Exercise brief:
Reproduce every line below exactly as written; do not include the images.

Data extracts:
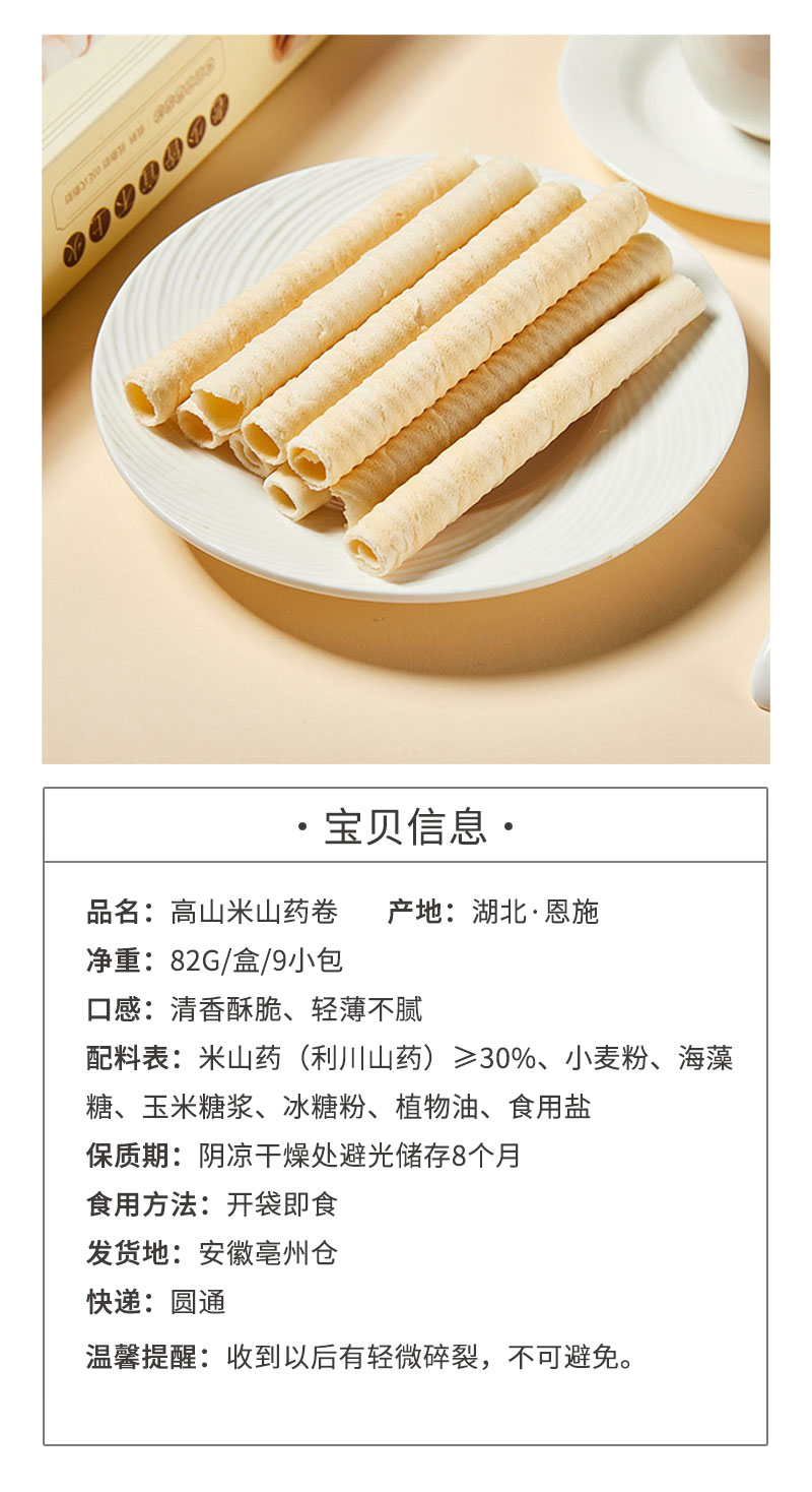 【高山米山药卷】原料选自富硒生物圈种植,1根米山药=100根普通山药,低温干燥制作,不容易上火,又脆又香,护胃小能手!
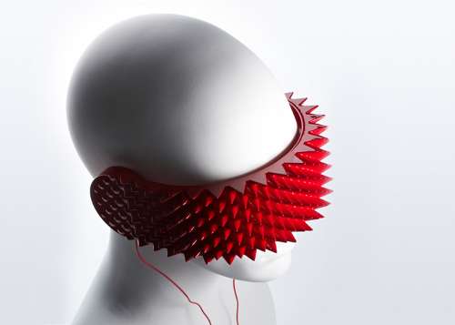 Il designer Joe Doucet , che sarà in mostra all’evento milanese Meet My Project dal 17 al 21 Aprile, presso lo Studio Next di Viale Crispi, 5, spiega che la scelta del colore rosso e delle strutture appuntite nella zona anteriore di queste cuffie, a chiusura degli occhi, non è casuale. Vuole simboleggiare la difesa di se stessi e del proprio diritto alla quiete, ammonendo il mondo estero a non superare il confine che si è posto attorno alla propria intimità.
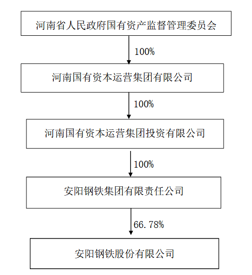 本次無償劃轉前,河南資本集團未直接持有安陽鋼鐵股票;通過其全資子公司、公司間接控股股東河南資本集團投資公司持有安陽鋼鐵人民幣普通股股份 1,918,308,486 股,占安陽鋼鐵股份總數的 66.78%。股權結構如下:
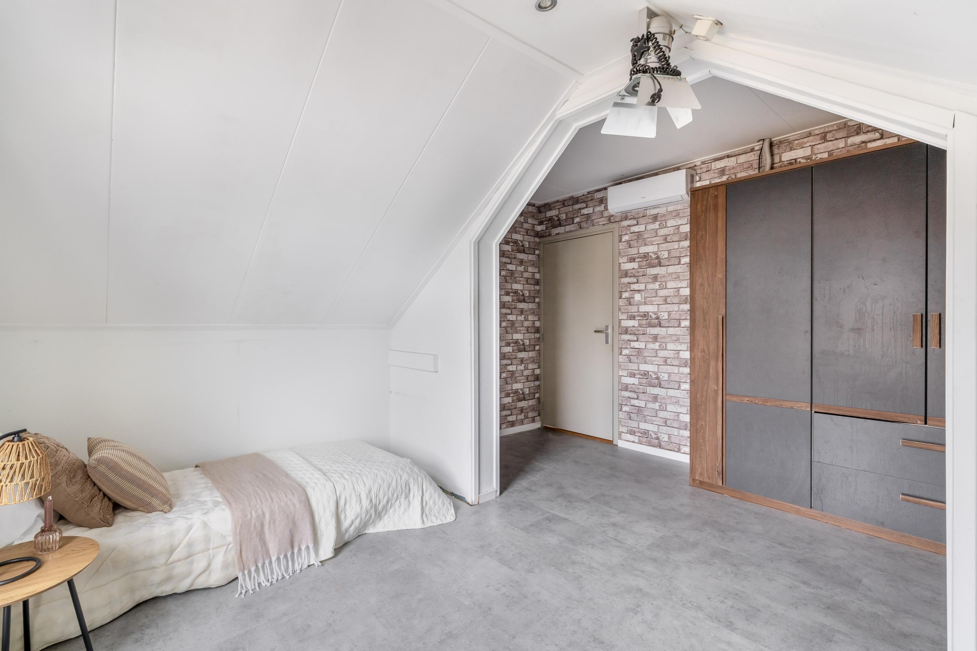 De grootste slaapkamer is licht en lang van opzet en biedt toegang tot het platte dak. Hier zou eventueel een dakterras gerealiseerd kunnen worden (vergunningsplichtig). De vierde slaapkamer aan de achterzijde heeft eveneens airconditioning en vaste kastruimte.
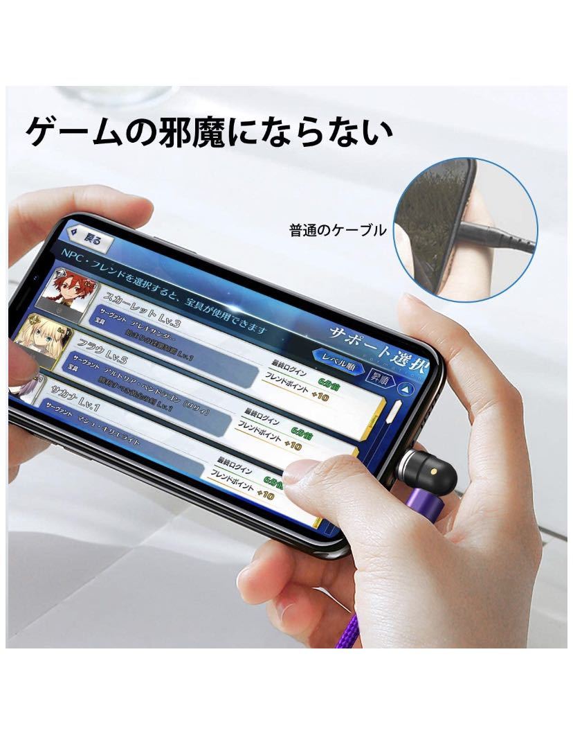 【180°+360°充電可能】180°+360°回転デザインを採用し、充電の角度を自由に調整できます。充電しながらゲームをしたり、動画を見たりする際、コネクタの接続部分が邪魔にならず、快適に楽しむことができます。充電しない時、磁気コネクターは防塵カバーとして活躍になり、コネクタも綺麗に保ちしております。
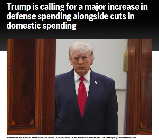 特朗普的提案将经由过程将局部职分变化至州及中央当局,将非邦防支出减少10%。 报导称,早正在2月终好以伊战事爆出之前,特朗普便已透露盼望巩固邦防付出。另外,5角年夜楼3月已零丁提议2000亿美圆用于和平启销及弥补弹药战物质。
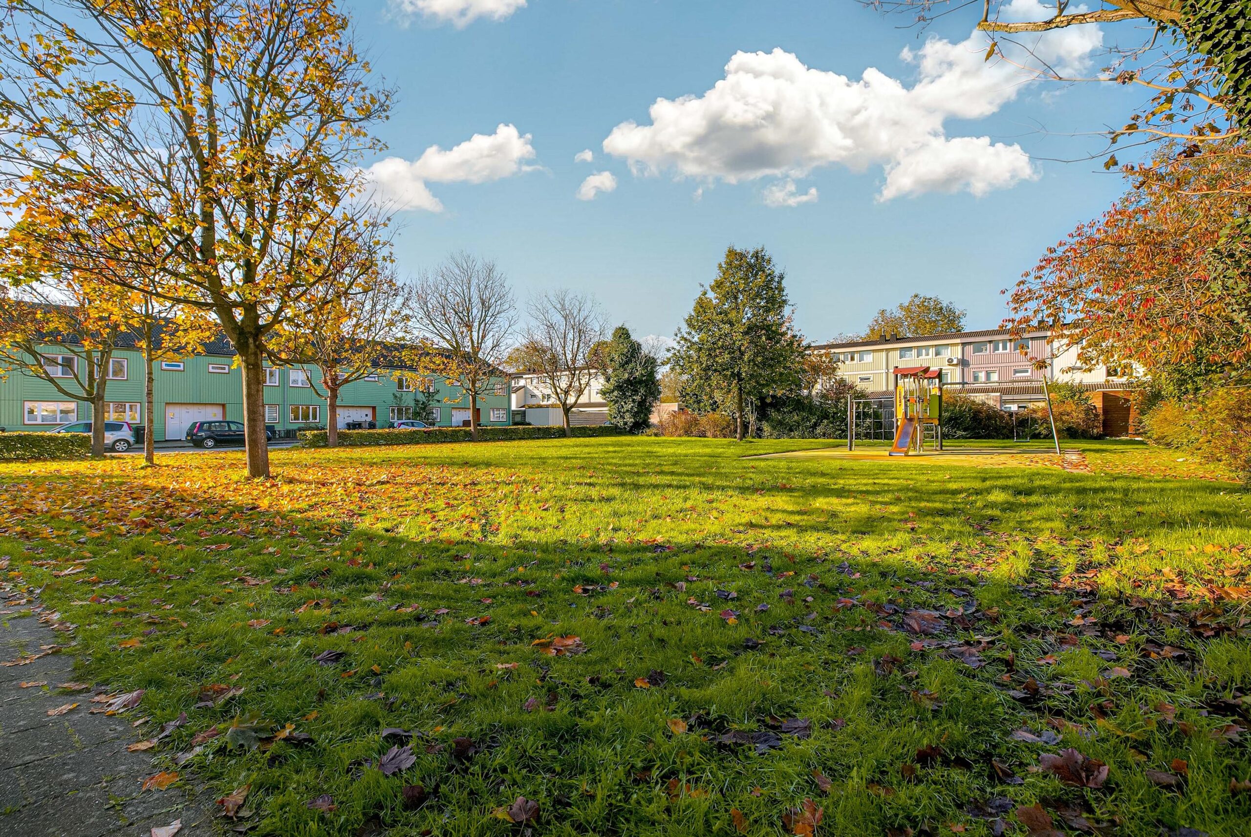 Vanuit de achtertuin heb je direct toegang tot een groen speelveld met speeltoestellen, ideaal voor gezinnen met kinderen!
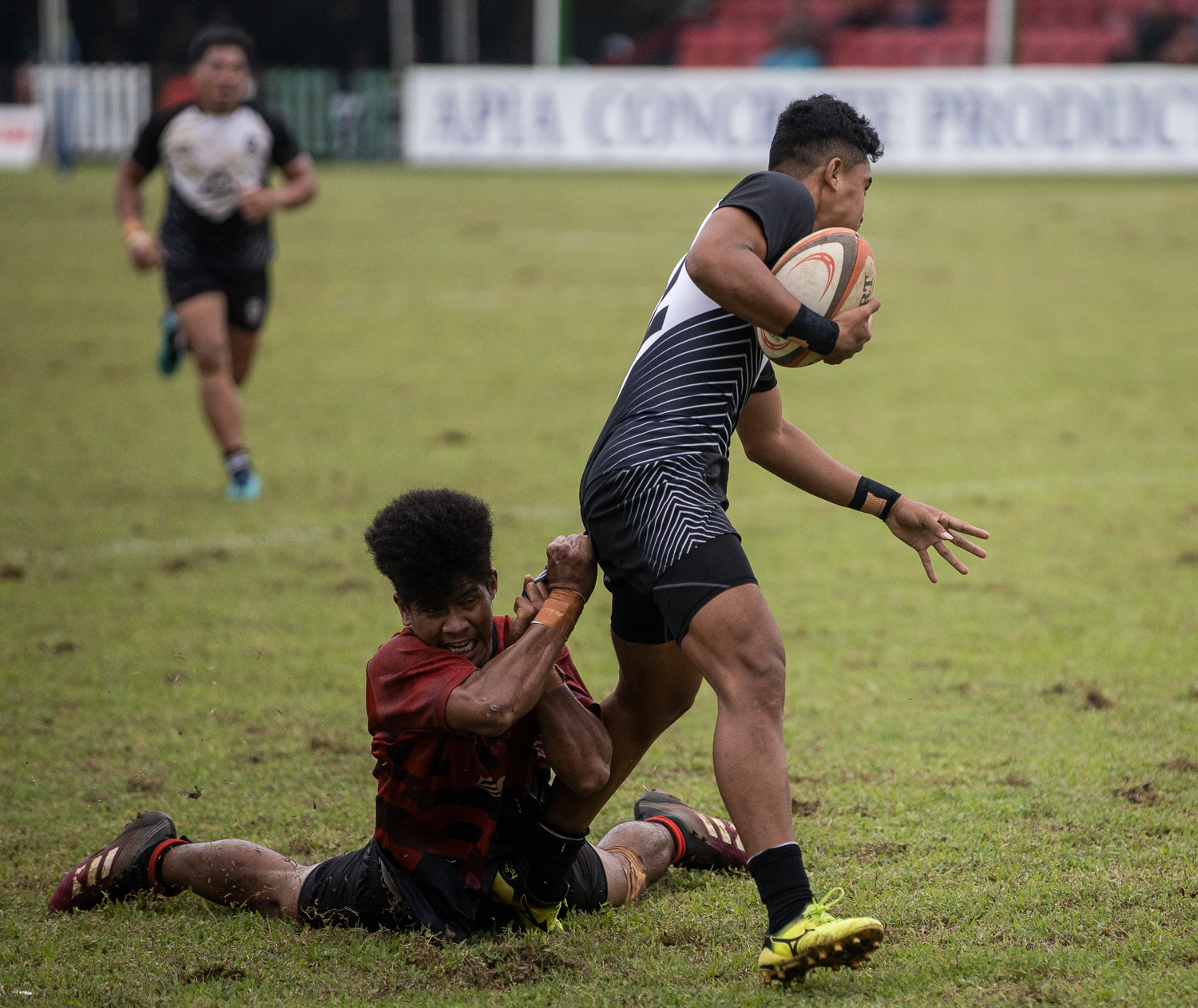 Keponi Paul broke away for Achieve Your Impossible, and then Manu Laqai scored right on halftime to give the Fijians a 7-5 lead.

Exercise answer:
 【高山米山药卷】原料选自富硒生物圈种植,1根米山药=100根普通山药,低温干燥制作,不容易上火,又脆又香,护胃小能手!
 Il designer Joe Doucet , che sarà in mostra all’evento milanese Meet My Project dal 17 al 21 Aprile, presso lo Studio Next di Viale Crispi, 5, spiega che la scelta del colore rosso e delle strutture appuntite nella zona anteriore di queste cuffie, a chiusura degli occhi, non è casuale. Vuole simboleggiare la difesa di se stessi e del proprio diritto alla quiete, ammonendo il mondo estero a non superare il confine che si è posto attorno alla propria intimità.
 本次無償劃轉前,河南資本集團未直接持有安陽鋼鐵股票;通過其全資子公司、公司間接控股股東河南資本集團投資公司持有安陽鋼鐵人民幣普通股股份 1,918,308,486 股,占安陽鋼鐵股份總數的 66.78%。股權結構如下:
 De grootste slaapkamer is licht en lang van opzet en biedt toegang tot het platte dak. Hier zou eventueel een dakterras gerealiseerd kunnen worden (vergunningsplichtig). De vierde slaapkamer aan de achterzijde heeft eveneens airconditioning en vaste kastruimte.
 【180°+360°充電可能】180°+360°回転デザインを採用し、充電の角度を自由に調整できます。充電しながらゲームをしたり、動画を見たりする際、コネクタの接続部分が邪魔にならず、快適に楽しむことができます。充電しない時、磁気コネクターは防塵カバーとして活躍になり、コネクタも綺麗に保ちしております。
 特朗普的提案将经由过程将局部职分变化至州及中央当局,将非邦防支出减少10%。 报导称,早正在2月终好以伊战事爆出之前,特朗普便已透露盼望巩固邦防付出。另外,5角年夜楼3月已零丁提议2000亿美圆用于和平启销及弥补弹药战物质。
 Vanuit de achtertuin heb je direct toegang tot een groen speelveld met speeltoestellen, ideaal voor gezinnen met kinderen!
 Keponi Paul broke away for Achieve Your Impossible, and then Manu Laqai scored right on halftime to give the Fijians a 7-5 lead.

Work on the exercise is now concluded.